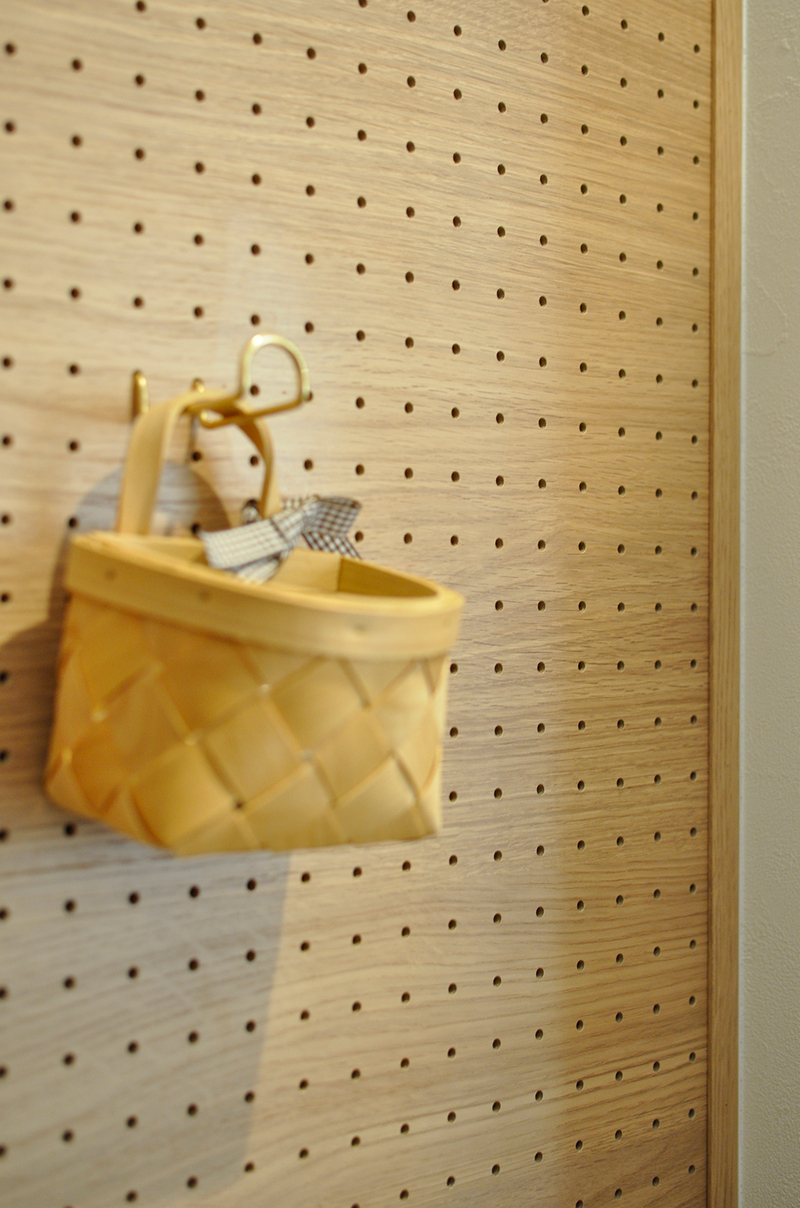 キッチンすぐ横は収納力と有孔ボードのあるパントリー。あえて天井まで壁を設けずに圧迫感を抑えています。その先にあるウォークインクローゼットから寝室へと通り抜けも可能です。
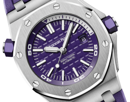 Purple dial with ??M??ga Tapisserie?? pattern, white gold applied hour-markers and Royal Oak hands with luminescent coating, purple rotating inner bezel with zone from 60 to 15 minutes in white.
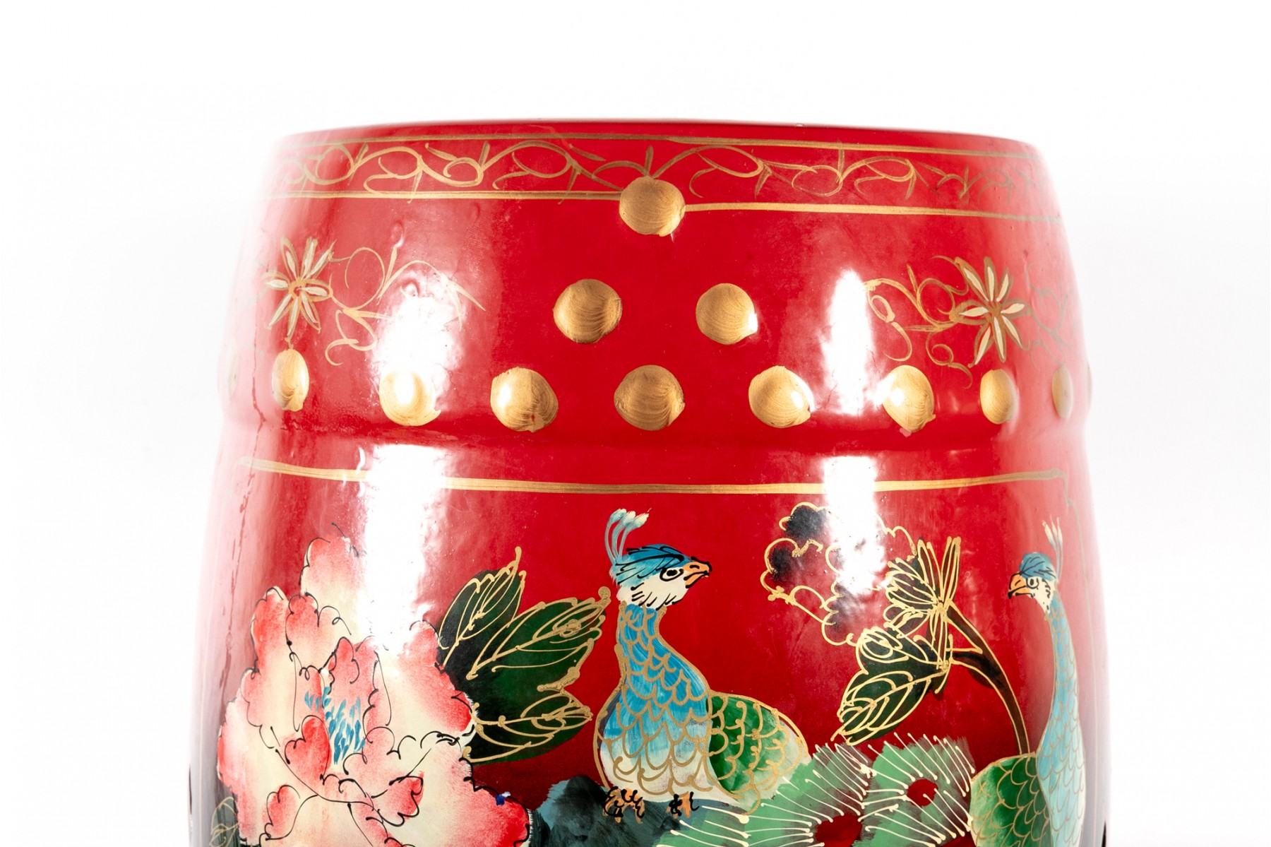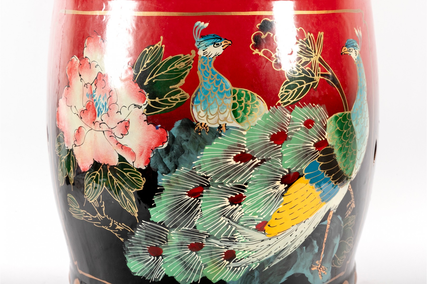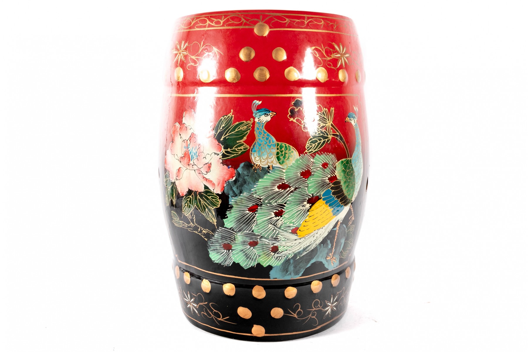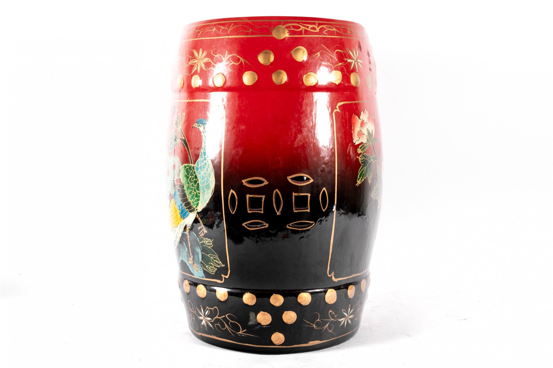 A beautiful Chinese drum-form garden stool in a vibrant red-to-black ombre, hand-painted with scenes of peacocks and large flowers in hues of blue, yellow, and pink.

+ + + +

PROBLEM DETAILS. Your copy should hold only the lines from the one containing "Purple dial with" through the last line of the listing, both included, retyped exactly and free of pictures.

REPLY.
 Purple dial with ??M??ga Tapisserie?? pattern, white gold applied hour-markers and Royal Oak hands with luminescent coating, purple rotating inner bezel with zone from 60 to 15 minutes in white.
 A beautiful Chinese drum-form garden stool in a vibrant red-to-black ombre, hand-painted with scenes of peacocks and large flowers in hues of blue, yellow, and pink.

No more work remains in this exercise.